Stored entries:
┏━━
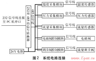 電路設計要根據測試系統(tǒng)中所選用的儀器儀表來進行。溫度測量采用德國原產溫度傳感器與變送器,Pt100精度等級1/3B,4線制;溫度測量范圍為0~150℃,具有響應時間短、測量精度高等特點,輸出信號4~20mA。流量測量采用德國原產ProcessMaster系列電磁流量計、五點標定后精度為0.2%。電磁流量計根據法拉第電磁感應定律設計,流量正比于介質流速和磁通密度,以及電極間的距離。電壓信號用變送器轉換成標準信號,方便數據采集,而且電磁流量計無節(jié)流部件,壓力損失小,減少能耗,只與被測流體的平均速度有關,測量范圍寬。只需經水標定后即可測量其他介質,無須修正,相比于浮子流量計精度大大提高。壓力測量采用德國原產壓力傳感器,測壓范圍為0~3MPa,精度為0.15%,輸出標準電流信號。燃氣消耗量測量采用日本品川濕式氣體流量計,既可以通過流量計的機械表盤讀取燃氣消耗量,也可以通過其發(fā)出的電信號經過處理后得到燃氣消耗量。燃氣壓力測量用壓力表量程為0~5kPa,輸出相應的電信號進行數據采集。流量調節(jié)閥選用電動調節(jié)閥,進行遠程控制。煙氣分析儀采用多組分煙氣分析儀,各組分都有對應的電信號輸出。數據采集模塊選用ADAM系列模塊對各參數進行高精度采集與控制。系統(tǒng)電路連接見圖2。
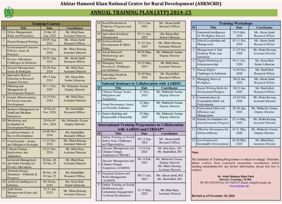 The Annual Training Calendar highlights the details of AHKNCRD training programmes. Computer Lab have also been established at AHKNCRD to conduct Computer trainings. No training fee is charged from participants for all of the courses. However, the departments/organizations of the nominees bear the cost of TA & DA etc. Hostel accommodation for participants on double occupancy basis is available at affordable rates. Besides accommodation mess facility is available on self-financing basis. AHKNCRD also extends logistical, secretarial and faculty support to national and international organizations for seminars, workshops and training courses.
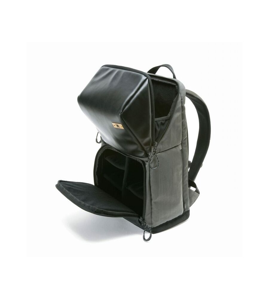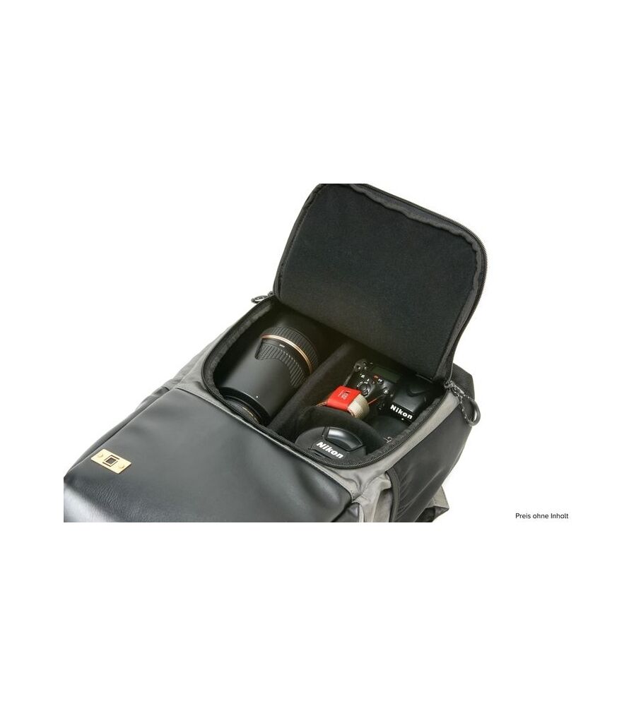 Fotorucksack mit zweiteiligem Aufbau. Oberteil mit zusätzlichem Innenfach für Daypack oder Kamera mit angesetztem Objektiv. Schneller Zugriff über Klappdeckel mit Zweiwege-Reißverschluss. Unterteil mit variablen Trennelementen für 2 bis 3 weitere Objektive, Blitzgerät oder Zweitgehäuse.
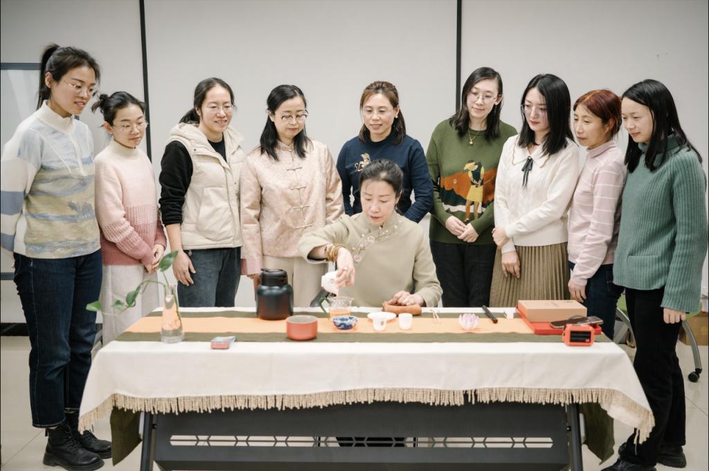 为了弘扬中华优秀传统文化,传承中华茶艺,丰富广大女教职工的精神文化生活,3月5日校工会开展“品味茶香,共享美好”茶艺文化沙龙,活动吸引了众多教职工的积极参与,共同体验了一场充满文化气息的茶艺盛宴。活动伊始,茶艺专家的精湛表演吸引了在场每一位参与者的目光。随着茶香的氤氲,老师们在专家的指导下,学习了泡茶的技巧和品茶的艺术。在轻松愉悦的氛围中,大家不仅学会了如何欣赏各种茶叶的独特风味,还了解到了茶文化背后的深厚历史和哲学。在交流环节,老师们分享了自己的教学心得和生活感悟,增进了彼此的友谊。
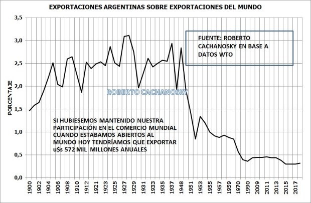 El gráfico 1 muestra claramente que entre 1900 y mediados del siglo pasado, las exportaciones argentinas representaron entre el 2 y el 3 por ciento del total de las exportaciones mundiales. A partir del momento que nos cerramos al mundo y pretendimos vivir con lo nuestro, la participación de las exportaciones argentinas sobre las exportaciones mundiales bajó hasta representar actualmente el 0,3% del total.
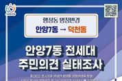 뉴스100 김동초 기자 | 행정동 명칭 변경 사업을 추진 중인 안양시가 만안구 안양7동의 행정동 명칭 변경을 위해 올해 12월 1일부터 내년 1월 31일까지 해당 동 전 세대를 대상으로 주민의견 실태조사를 실시한다고 1일 밝혔다. 이번 주민의견 실태조사는 안양7동의 행정동 명칭을 ‘덕천동’으로 변경하는 것에 대한 찬반 의견 조사다. 안양7동에 거주하는 전체 세대 중 60% 이상이 참여하고, 참여 세대의 과반수가 찬성할 경우 시는 명칭 변경을 추진할 예정이다. 조사방법은 올해 12월 1일부터 2026년 1월 31일까지 시 홈페이지를 통해 비대면 조사를 진행하고, 12월 18일부터 2026년 1월 31일까지 안양7동 행정동명칭변경추진위원회가 각 세대 방문조사를 병행하게 된다. 덕천(德泉)동은 어린이들이 샘물 솟듯이 씩씩하게 자라서 나라에 큰 일꾼이 되기를 바라는 뜻으로, 큰 덕(德)에 샘 천(泉)을 취해 붙여진 옛 지명이다. 시는 이에 앞서 지난 9월 12일부터 9월 30일까지 안양7동 주민들을 대상으로 행정동 명칭에 대한 선호도 조사를 진행했고, 조사에 참여한 646세대의 주민 중 52.
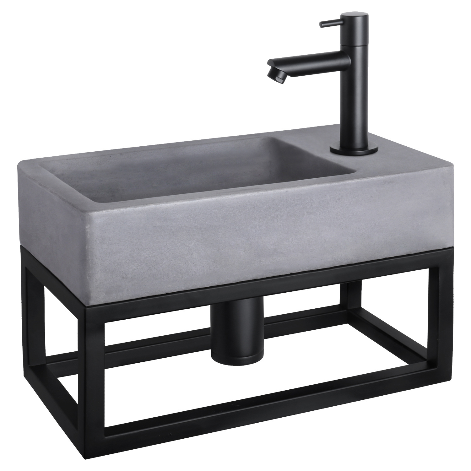 Deze combinatie bestaat uit het stijlvolle donker Betonnen fontein Force met mat Zwarte rechte koudwaterkraan, afvoerplug en sifon. Het handige bijpassende mat zwarte handdoekrek, waar u bijvoorbeeld uw handdoeken of andere toiletbenodigdheden kunt plaatsen of hangen, maakt de set helemaal af. Het kraangat zit aan de rechterkant van dit stijlvolle fontein. Het Betonnen materiaal is zeer stevig en heeft een waterdichte coating. Beton zorgt voor een industriële uitstraling .
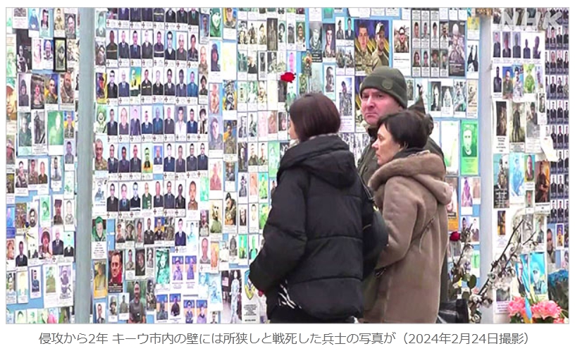 侵攻から2年 キーウ市内の壁には所狭しと戦死した兵士の写真が(2024年2月24日撮影)
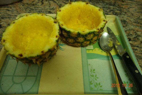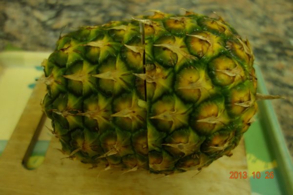 切開鳳梨 很容易....挖出鳳梨肉 就要有耐心喔 ......
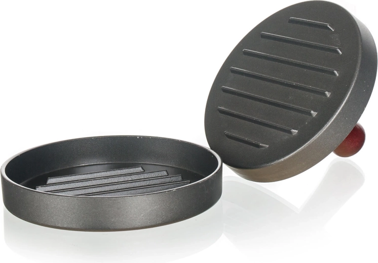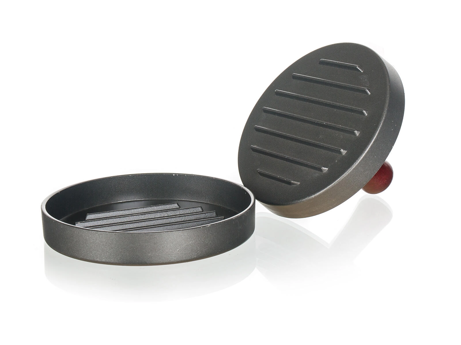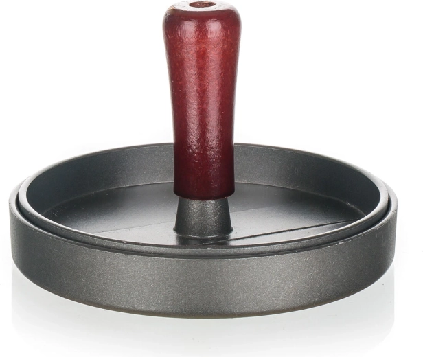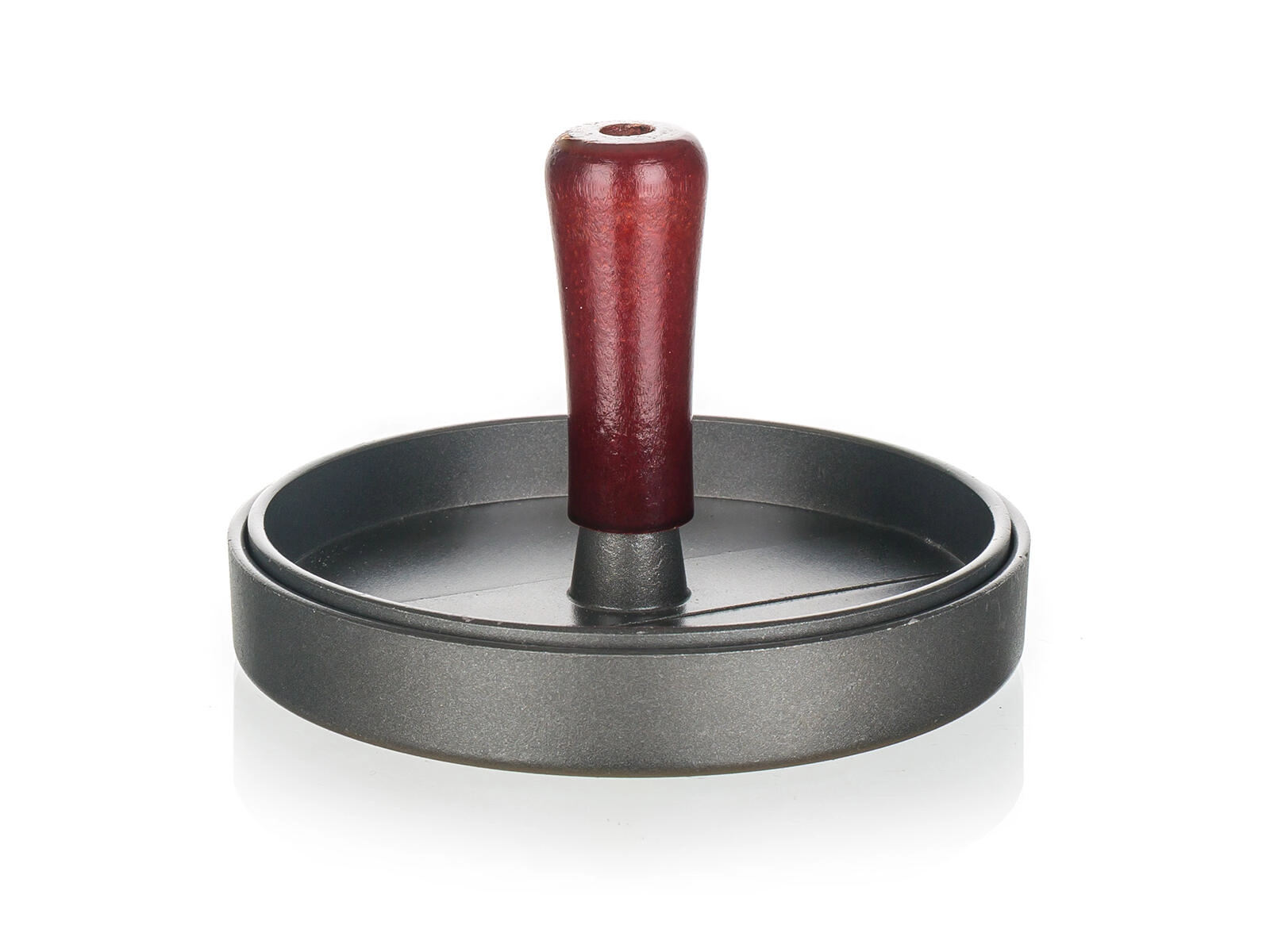 Vorm perfect ronde en gelijkmatige burgers in enkele seconden. De pers van gegoten aluminium met anti-aanbaklaag bespaart tijd en moeite, voorkomt dat vlees blijft plakken en maakt het uitnemen van de schijf eenvoudig. Het ergonomische houten handvat ligt comfortabel in de hand en biedt gecontroleerde druk voor nauwkeurig persen.
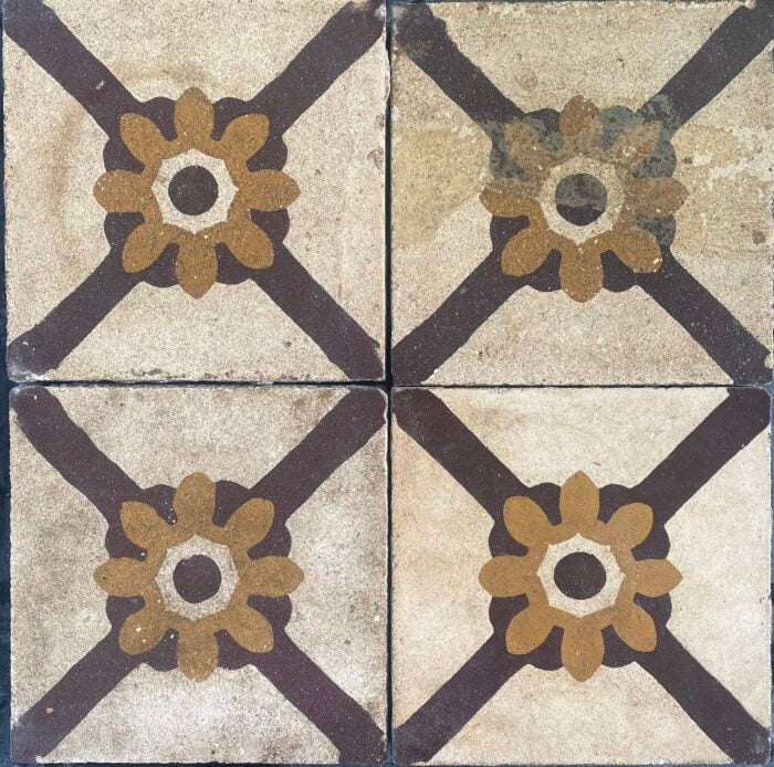 Lagertha Flower, a timeless beauty boasting bold mustard yellow flowers and rich earth brown detailing. Our Antique encaustic tiles are salvaged with hundreds of years of history held in every tile. A truly unique addition to any space.
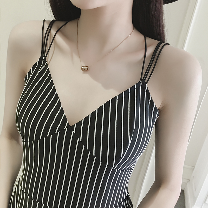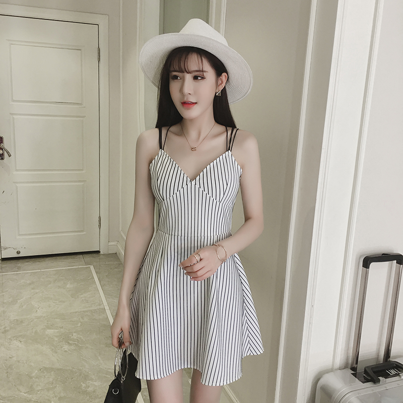/ 春夏新款女裝韓版派對小黑裙修身顯瘦交叉吊帶抹胸連衣裙禮服
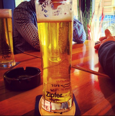 Vor’m Match suchten wir noch eine feine Gastwirtschaft auf, die in der Happy Hour das 0,5 l Zipfer für 2 € servierte. So günstig hatten wir Innsbruck nicht erwartet. In Sachen günstig Frühstücken / Essen (und Trinken) schiebe ich an dieser Stelle mal für junge und junggebliebene Leute den Breakfast Club als Empfehlung ein. Insgesamt ist das Preisniveau von Innsbrucks Gastronomie im Rahmen (neben teuer geht auch preiswert) und die Einheimischen sind nicht so „charmant“ wie die Salzburger oder Wiener gegenüber uns Deutschen. Oder sie verbergen das besser. Die Zecher von der Theke waren auf jeden Fall sehr freundlich zu unserer Gruppe und besorgten für uns den besten Taxifahrer der Stadt. Rudi, ein Ur-Innsbrucker jenseits der 50, trug schwarze Cowboystiefel und Leder-Joppe. Er wusste alles und kannte jeden Schleichweg.
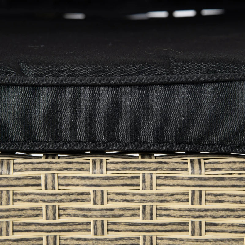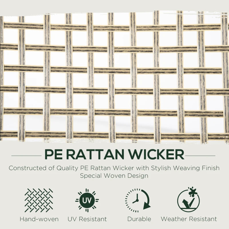 Made with a galvanized steel frame and PE rattan wicker, this set is resistant to UV rays and light water damage. The attractive and sturdy table-top allows for comfortable dining, and the cushions and pillows provide extra comfort.
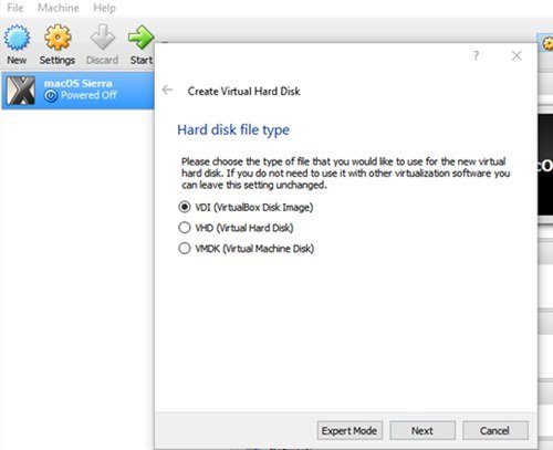 4- برای آغاز ساخت ماشین مجازی گزینه "Make" را انتخاب کنید. بد نیست که نوع فایل را روی VDI تنظیم کنید.
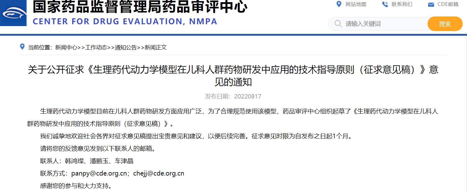關(guān)于公開征求《生理藥代動力學(xué)模型在兒科人群藥物研發(fā)中應(yīng)用的技術(shù)指導(dǎo)原則(征求意見稿)》意見的通知
┗━━
Reproduce verbatim, and only, the lines starting at the one that contains "Made with a" and ending with the final line of the records; leave out the pictures.

 Made with a galvanized steel frame and PE rattan wicker, this set is resistant to UV rays and light water damage. The attractive and sturdy table-top allows for comfortable dining, and the cushions and pillows provide extra comfort.
 4- برای آغاز ساخت ماشین مجازی گزینه "Make" را انتخاب کنید. بد نیست که نوع فایل را روی VDI تنظیم کنید.
關(guān)于公開征求《生理藥代動力學(xué)模型在兒科人群藥物研發(fā)中應(yīng)用的技術(shù)指導(dǎo)原則(征求意見稿)》意見的通知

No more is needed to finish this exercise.